Shedding Light on Heat Episode 2: Changes of State www.liacoseducationalmedia.com Page 1 of 8

Shedding Light on Heat

Episode 2:

Changes of State

The Heat is on! A huge amount of the technology and comforts that we have in our world just wouldn’t

exist if it wasn’t for what we’ve learned about the way heat behaves. So keep cool and use this excellent

series to teach your students everything that they need to know about heat, including its effect on things

and how it transfers from one thing to another.

In Episode 2, Changes of State, we look at the differences between solids, liquids, and gases, and at why

things change state when they absorb or lose heat energy. We also look at the strange example of carbon

dioxide, which doesn’t follow the same rules that that most other substances do!

Contents:

Part A: Introduction. A re-cap of the awesome Kinetic Theory.

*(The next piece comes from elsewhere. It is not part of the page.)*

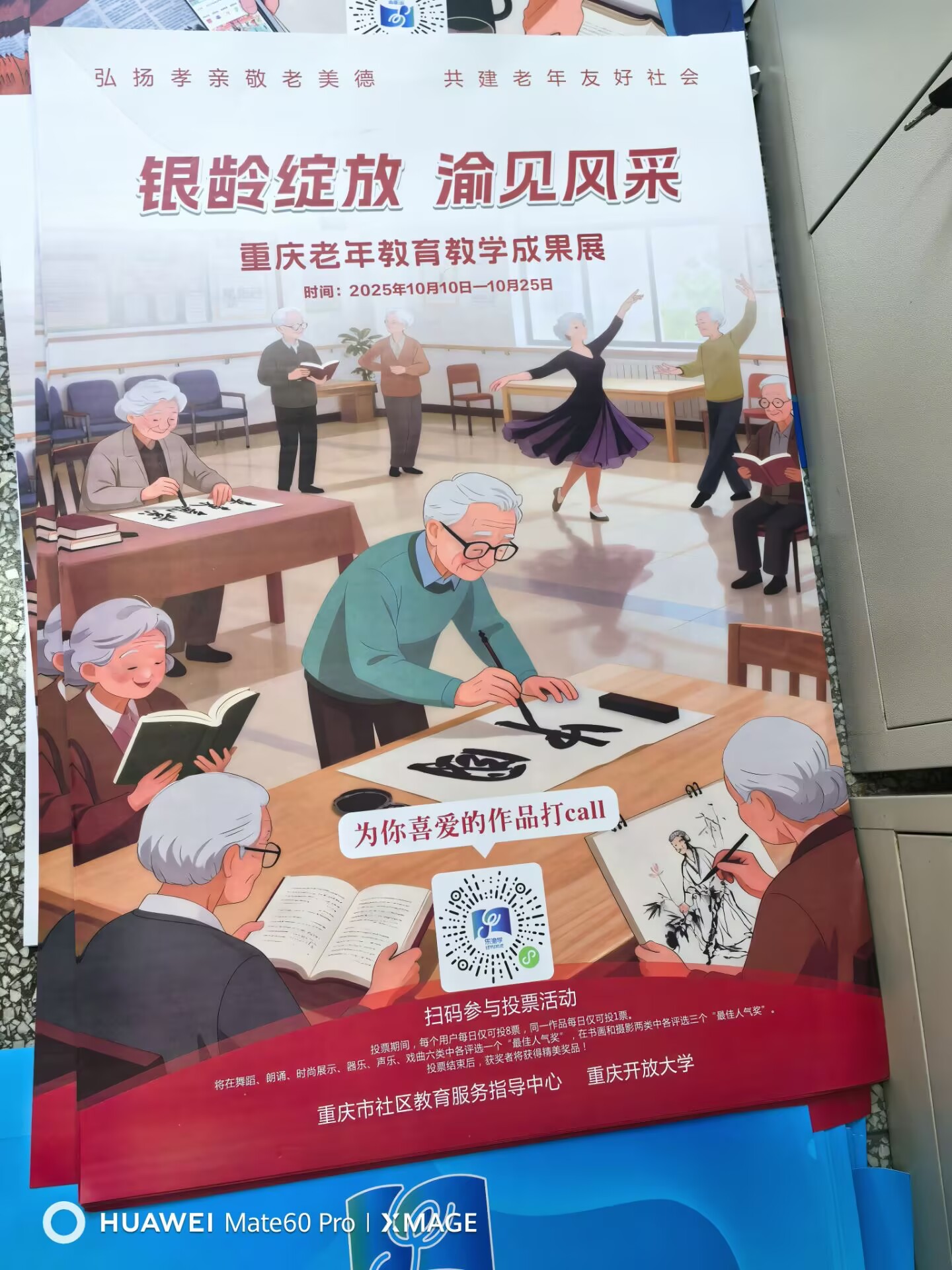 “银龄绽放·渝见风采”重庆老年教育教学成果展“最佳人气奖”投票活动今天开始了哦,截止到10月25日,请大家广泛宣传,投票结束后,获得“最佳人气奖”者将获得精美奖品。

Part B: Solids and Liquids: The atoms in a solid are held together in fixed positions. But how? Why

does a solid melt when it is heated? And do water molecules themselves actually change when ice melts

into water?

Part C: Liquids and Gases: You can compress air easily with a bicycle-tyre pump but you can’t do the

same thing if the pump was filled with water. Why not? And what exactly is happening to the water

molecules when liquid water is boiling?

Part D: Sublimation: Carbon dioxide is normally a gas, but if you cool it down to -78.5°C, it turns into a

solid. When it is re-heated, it doesn’t melt!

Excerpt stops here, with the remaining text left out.